Before I start can I say that the damaging thing here is that we are in danger of being distracted from focusing on the right thing by the glitz and glamour of our Facilities and Technology tribal screams for attention. And that right thing is focusing on the Sociology Of Work as the clear and obvious big bang for the buck when it comes to our efforts in driving positive change in the world of work.


" The sociology of work and employment is concerned with the social relations, normative codes, and organizational structures that inform the behavior, experience, and identities of people during the course of their working lives"


First up, for as long as I can remember, we’ve been bombarded with wave after wave of influential lobbies of workplace designers and architects peddling everything from intelligent chairs, altering room temperature at the flick of an eyebrow or installing the new age lift that orders your frappucino at the flick of a sensor. We’ve reached a saturation point that like the proverbial parental problem for that overly demanding generation we must deliver on the building environment promise or risk losing the workforce of the future.

And then there’s the IT promise. Spawning a small army of Enterprise Technology sales guys in their all too shiny nylon suits offering us more workplace gizmos for appeasing the childlike qualities of our distracted workforce of tomorrow. The kool aid of automated features with marvellous names such as Machine Learning, Artificial Intelligence, the Chat Bot to the fact that even IBM humanised the new big blue and called it Watson. Important advances ? – of course. The main event ? – doesn’t come close but given the multi-billion dollar industry it is, the now undue influence of Silicon Valley and the plethora of HR Tech products to market off the back of SaaS technology, then expect it to shout loudly that IT is the true saviour of the future of work. Buy now to avoid disappointment.

More recently, the PR machine has yanked the dystopian lever to keep Technology front and centre of our limited HR enterprise budgets but this time it’s the distracting narrative of millions of lost jobs and the replacement of our Friday night drinking buddy with Metal Mickey.

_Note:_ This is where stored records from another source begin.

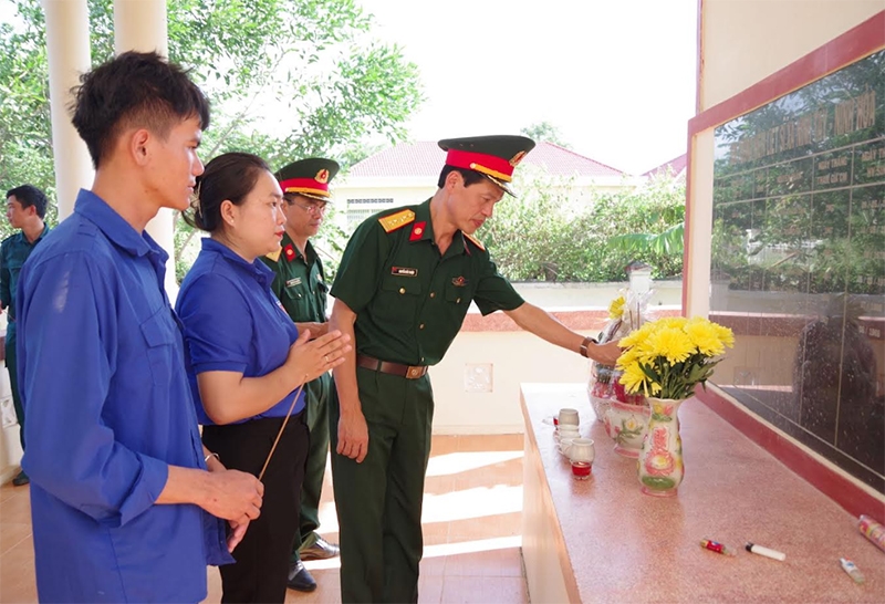 | Cán bộ, học viên Trường Sĩ quan Thông tin và đoàn viên, thanh niên địa phương dâng hương tại Đài tưởng niệm liệt sĩ Ninh Tây. |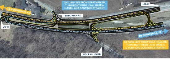Two Restricted Crossing U-Turns will be placed at the intersections of Wolf Hills Drive and Stratman Road.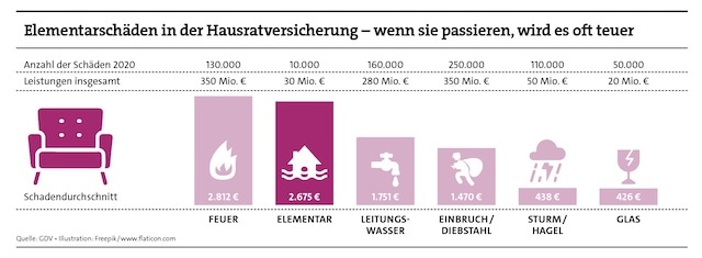 Stellt sich die Frage, wie einträglich das Elementargeschäft für die Branche eigentlich ist? Zwar sind die Durchschnittsschäden infolge von Elementarschäden in der Hausratversicherung laut aktueller GDV-Daten vergleichsweise hoch. Gleichwohl fallen sowohl bei den Leistungen als auch bei der Zahl der Schadenereignisse andere Gefahren wie Feuer, Einbruchdiebstahl oder Leitungswasser stärker ins Gewicht (siehe Grafik oben). Lohnt sich der Elementarbaustein für die Anbieter rein betriebswirtschaftlich betrachtet also? Oder droht womöglich bald ein deftiger Prämienzuschlag?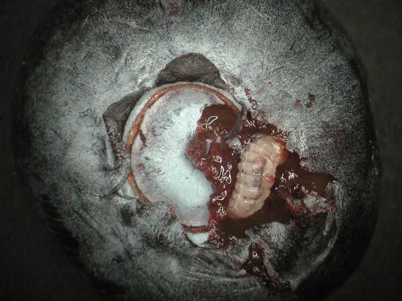 Description: Un bleuet endommagé par une larve de charançon de la prune. La larve creuse une galerie dans la chair du fruit et celui-ci devient prématurément coloré et tombe avant récolte. Souvent, le symptôme est peu visible à l'exception d'une petite cicatrice de ponte à la surface des fruits (surtout sur les fruits verts). Pour observer la larve, le fruit doit être ouvert.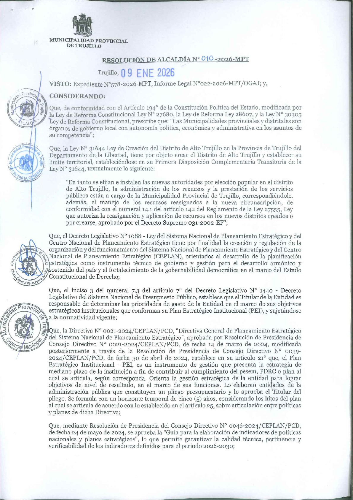 Aprobar el Plan Estratégico Institucional PEI 2026-2030 de la Municipalidad Distrital de Alto Trujillo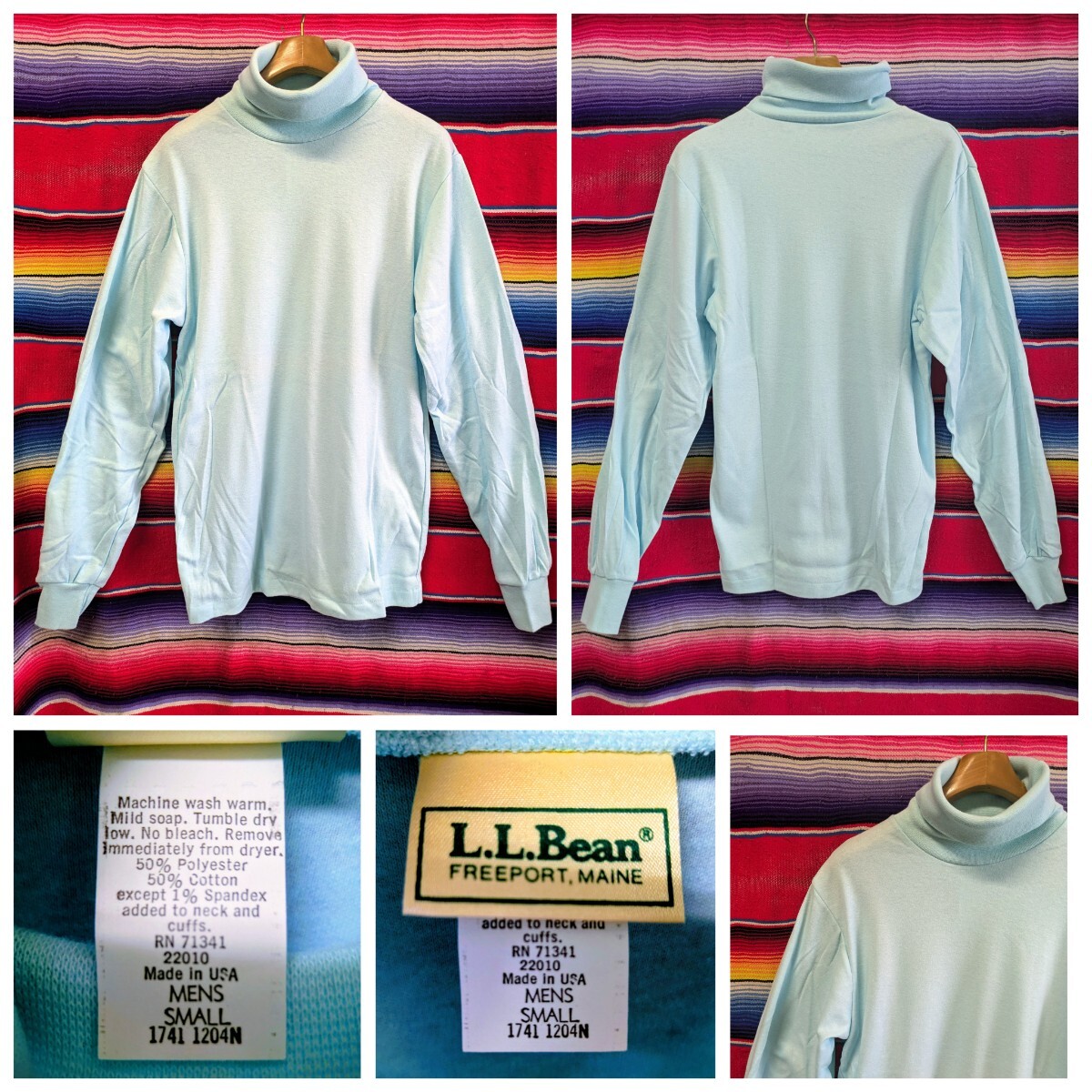 80年代USA製llbeanハイネック長袖ロンTの出品。サイズ表記MEN'S.S。実寸は着丈約67センチ、身幅約45センチ、肩幅約41センチ程度。個人保管に伴う皺や微細な汚れ有り。希少なデッドストック。雰囲気充実の1着。今回は100円スタートでの開催、10/13(祝)終了オークションとなります。格安での出品ですが、古着及びヴィンテージ、オークションでのお買い物にご理解ある方のみ自己紹介欄を一読のうえNCNRにてのご入札でお願いいたします。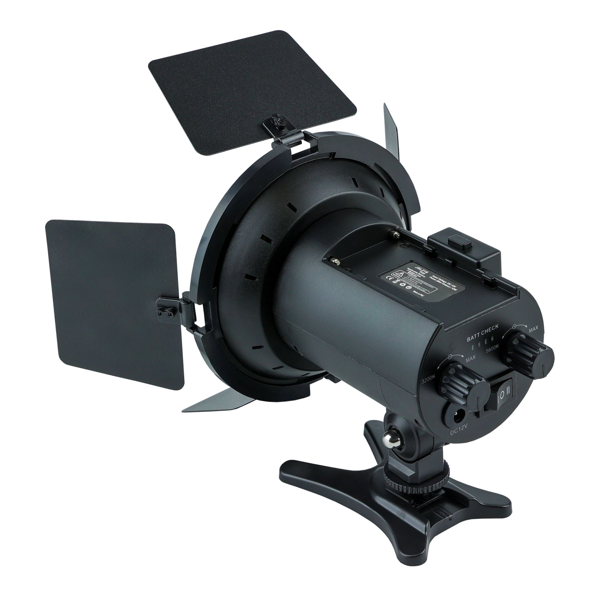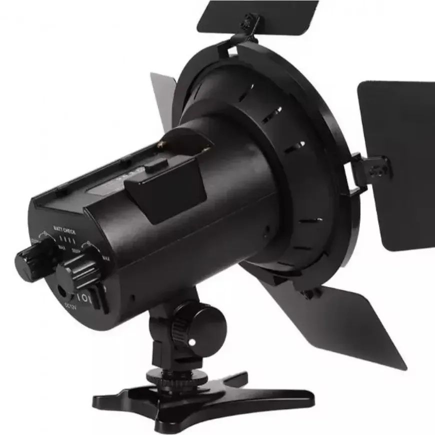 - Работает от сети 220V или от аккумулятора (приобретается отдельно), благодаря чему подходит для съёмок как в помещении, так и на выезде.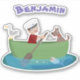 For nautical fun! This design features a boy rowing his boat on the ocean with a dog and sea gull with a happy fish saying hello! Drawn in cute cartoon illustration style.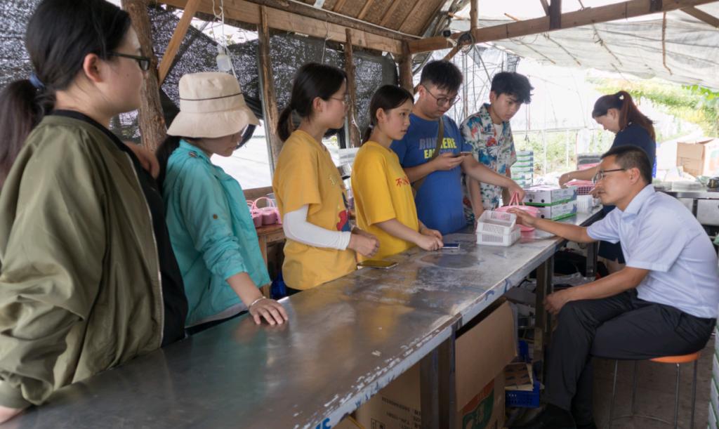随后几日,团队离开驻扎四天的雨瑞蓝精灵家庭农场,开始对成都市双流县黄龙溪镇其他产业园区进行调研,计划针对水果种植以及农场经营模式等方面对农场老板进行一系列的采访询问并实地观察。第一个目的地明宇农场是一家种植葡萄的农场,以经营农家乐为主要业务,提供下地采摘葡萄以及葡萄就地销售等。团队针对葡萄种植以及农场经营模式等方面对该农场老板进行了采访询问。与雨瑞蓝精灵家庭农场不同的是,该农场主要是请专业人员进行指导,然后再由老板及其雇用的工人进行种植。此外,团队参观的一家名为“全民小镇”的农场令人称奇。这是一家真正意义上的“农业+旅游”的农场,同时也是成都农林科学院果蔬新品种新技术示范基地。进门处队员们便看到了一群工人在铺草地,一经询问才知道原来这片地是种植水果的,但是为了发展旅游,所以将农场打造成大片的草坪以便人游玩,里面还有几座小山丘也在铺设草坪。园区面积相当大,但在园区水果分布管理的相当好,不同品类的水果放在不同区域,且都以智慧农业的技术进行着数字化生产,井然有序。随着城市化不断深入,现在越来越多的城市居民想要“逃离城市”,而这种下地采摘得营销模式无疑是一种很好的体验。此外,除了这种吸引人亲自前来体验采摘的销售渠道,园区还针对大型超市供货并设置网络上的销售渠道。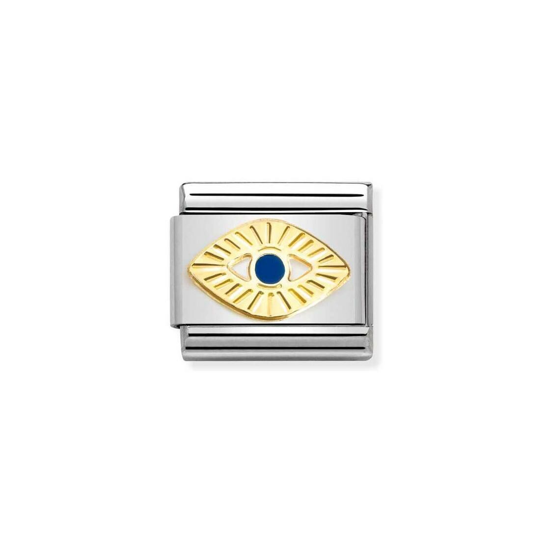 Charms Nomination Italy Composable Symboles en acier et or jaune, émail, Oeil de Dieu diamanté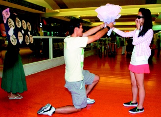 中新網(wǎng)8月26日電 據(jù)臺(tái)灣《聯(lián)合報(bào)》報(bào)道,七夕情人節(jié)到來前夕,桃園機(jī)場入境大廳出現(xiàn)浪漫求婚情節(jié)。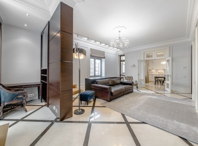 Продажа 3- комнатной квартиры площадью 136 кв.м. Метро Улица 1905 года, 13 минут пешком. Улица 2-я Черногрязская, дом 6к2. ЖК Ред Сайд. Просторная и стильная квартира с новым, современным ремонтом, укомплектованы всей необходимой техникой и мебелью премиальных брендов. В отделке использованы дорогостоящие натуральные материалы, ремонт выполнен в стиле арт-деко. Квартиру делали для себя, практичная планировка, рациональное использование пространства, много систем хранения. Виды из окон во двор и на Москву-Сити.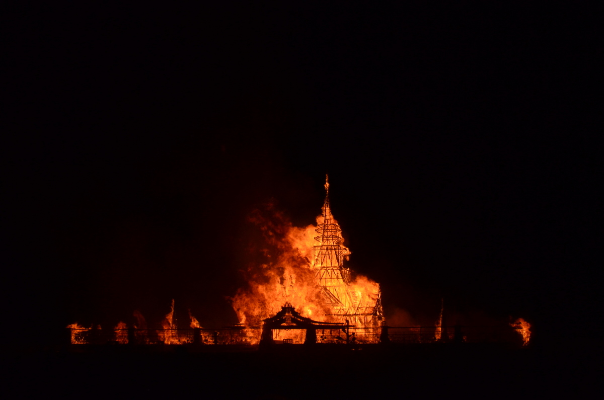 Если поджигание Мэна сопровождалось плясками с огнём, салютами и гигантскими взрывами, то тут нет ничего подобного. Максимум церемонии на которую можно рассчитывать, это молчаливый обход Храма людьми с подожжёнными факелами. Потом они швыряют огонь внутрь здания, и оно быстро воспломеняется.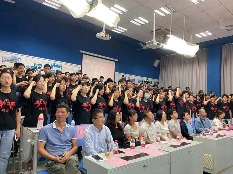 最后,胡冠时向2020级新生代表授旗,希望新同学不忘初心,牢记使命,为刑司的院旗增光添彩。新同学们在刑事司法学院学生会主席钱孜恩的带领下集体宣誓,表达了他们秉承传统,刻苦学习,奋勇拼搏的决心。

Look deeper and the facts aren’t stacking up yet. We bought 250k robots globally last year in the workplace, which is exactly the same number Barack Obama grew the American job economy – each month. There are advances but Machine Learning does not amount to building real intelligence – the sort that can handle non-routine cognitive and manual tasks. Nor can Machine Learning recall episodic memories or do unsupervised learning. Anyone who tells you otherwise or that it’s an inevitability should be sectioned immediately or scorned for not realising that said intelligence is dictated by us biased and flawed humans.

Why do our friends in IT and Facilities have to peddle so hard to push their big hitting silver bullets? Quite simply our obsession with business risk is holding back our ability to innovate and stay ahead of the curve. Statistics indicate that investment in capital expenditure has decreased in recent years from 5% to 3% of revenue and our short-termism in business that McKinsey calls ‘quarterly capitalism’ is a real danger to near term advances on productivity. If past dictates the future, companies will want to stay flexible, keep their cash in the bank, and take on staff only as and when. Get out the champers because the recruitment agency world’s future looks rosy as we pursue labour utilisation instead of an innovative new working dawn instead.

Given its multitude of diverse people tribes and the fact that Zuckerberg is a bigger draw and has more followers and clout than the CIPD’s Peter Cheese, we are left with the fact that the most important part of our coming workplace battle remains its most understated and that is a worry, especially up against the razzmatazz of the IT and Facilities ‘silver bullet’ pitches. Creating brilliant new jobs in humane workplaces requires a relentless focus on the way we structure and organise, the skills we need, the way we lead, the respect we are owed, the engagement we crave, the belonging we want and the sheer humanity required to deliver the Future of Work.